Coronavirus, fase 2: cosa potremo fare e cosa no? Il punto della situazione

Dal 4 maggio scatta la fase 2 della gestione dell’emergenza da Coronavirus. Significa che lentamente l’Italia si prepara a ripartire, ma che è ancora presto per pensare di tornare all’assoluta normalità

ll Presidente del Coniglio dei Ministri Giuseppe Conte, nell’ultima conferenza di lunedì 27 aprile 2020, ha parlato dei provvedimenti presi dal Governo- di concerto con il pool di esperti nominati a tale scopo- per la gestione della fase 2 dell’emergenza. Lentamente, le attività commerciali si preparano alla riapertura, ma è ancora necessario limitare le uscite allo stretto necessario perché non siamo fuori dalla pandemia e non possiamo rischiare di aggravare la nostra situazione.

Le parole di Conte, tuttavia, hanno dato adito a una sequela di dubbi che i cittadini stanno esprimendo in queste ore sui social. Allora cerchiamo di capire, schematicamente, quali siano i principali divieti e le cose che invece gli italiani potranno fare. Fermo restando che ci potrebbero essere delle piccole variazioni a livello locale, in quanto i sindaci hanno l’autorità di vietare l’accesso a quelle aree ove non sia possibile garantire la sicurezza dei cittadini.

Cosa si potrà o non si potrà fare dal 4 maggio 2020, agli spostamenti consentiti si aggiunge la visita a parenti e congiunti

Ricordando che sarà sempre valida la regola del non creare assembramenti, che si potrà fare sempre ritorno al proprio domicilio/abitazione/indirizzo di residenza e che dal 4 maggio sarà obbligatorio indossare le mascherine sui mezzi pubblici, si potrà uscire da casa- rimanendo nella propria regione– per:

  1. Comprovate esigenze lavorative;
  2. Situazioni di necessità;
  3. Motivi di salute;
  4. Visite a parenti e congiunti (sempre mantenendo la distanza di un metro tra una persona e l’altra);

Come specificato dal Presidente stesso, andare a trovare i parenti non deve diventare la scusa per dare vita a feste o pranzi di famiglia. Per congiunti si intendono anche conviventi e fidanzati, purché si tratti di affetti stabili. Ovviamente, per questi quattro tipi di spostamento resta in vigore l’obbligo di compilare l’autocertificazione.

Cosa si potrà o non si potrà fare dal 4 maggio 2020: sì ai funerali, allo sport e al cibo da asporto

Dal 4 maggio 2020, inoltre, sarà consentito uscire anche per andare a comprare cibo da asporto (sempre facendo attenzione alla distanza interpersonale e non creando assembramenti), per prendere parte a funerali (ora vedremo le modalità previste in questo caso) e per fare attività sportiva anche lontano da casa e anche passeggiate (da soli, in due o con bambini).
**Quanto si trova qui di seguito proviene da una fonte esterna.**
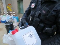 En el registro de esta vivienda se intervinieron diversos compuestos químicos esenciales para la fabricación de este tipo de sustancia como ácido sulfúrico, alcohol benzílico, ácido clorhídrico, amoniaco, sosa caústica, carbonato sódico, manganeso de sulfato, un bidón de cianuro y ácido acético. Además se intervino diverso instrumental: varios quemadores de gas, una envasadora al vacío, bidones de acero inoxidable, máscaras antigás, alambiques, material eléctrico, camping gas con soplete, matraces, pipetas y otros recipientes.

Riapriranno parchi e giardini e rimarranno invece chiuse le aree che normalmente sono riservate ai bambini. Si potrà anche andare al mare o in montagna, purché si risieda in zone di mare o di montagna. Insomma, non ci si deve allontanare troppo dalla propria abitazione.
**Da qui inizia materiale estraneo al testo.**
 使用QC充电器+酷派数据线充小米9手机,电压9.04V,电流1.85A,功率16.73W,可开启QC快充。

Per quanto concerne i funerali, cui abbiamo accennato prima, le esequie dei defunti potranno essere celebrate alla presenza di sole 15 persone (quindi dei parenti più stretti o di qualche amico).
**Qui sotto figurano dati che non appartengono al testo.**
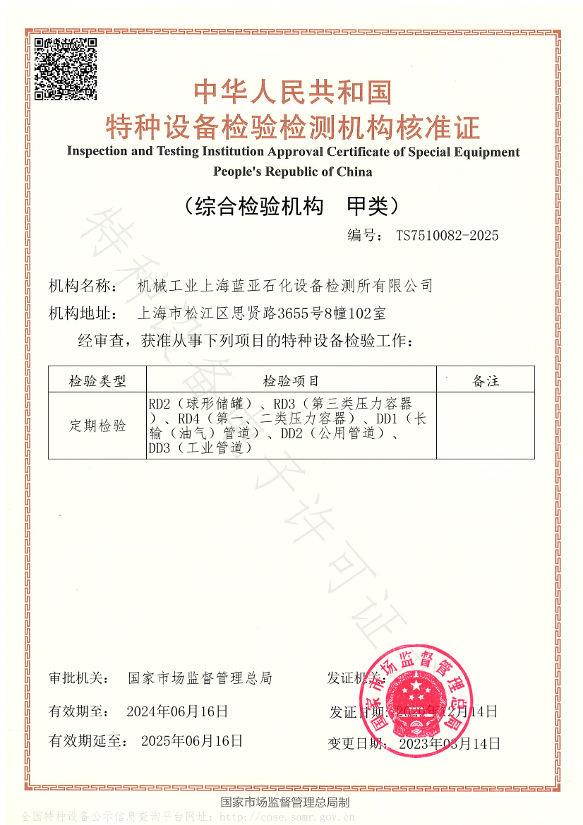 機(jī)械工業(yè)上海藍(lán)亞石化設(shè)備檢測(cè)所有限公司

Cosa si potrà o non si potrà fare dal 4 maggio 2020, altri divieti e il problema delle seconde case

I cittadini che devono rimanere a casa sono quelli che siano risultati positivi al Coronavirus, che si trovino in regime di quarantena (per esempio, chi rientrerà dall’estero dovrà obbligatoriamente fare 14 giorni di quarantena) o che presentino sintomi quali difficoltà respiratorie e/o febbre superiore ai 37,5°.

La mobilità è consentita soltanto nella propria regione di appartenenza. Non ci si può spostare da una regione all’altra, a meno che lo spostamento non sia sempre motivato da ragioni di assoluta urgenza  o di lavoro. Anche per questo tipo di viaggio sarà necessario esibire l’autocertificazione.

Last but not least, come ci spiega La Repubblica, esiste il problema delle seconde case. A quanto pare, l’ordinanza emanata dal Ministro Speranza che vietava il trasferimento verso le seconde case (anche nell’ambito della stessa regione) è scaduta lo scorso 25 marzo. Inoltre, pare che il nuovo decreto non vieti espressamente il trasferimento, per cui si attendono chiarimenti che probabilmente arriveranno con l’emissione di una circolare.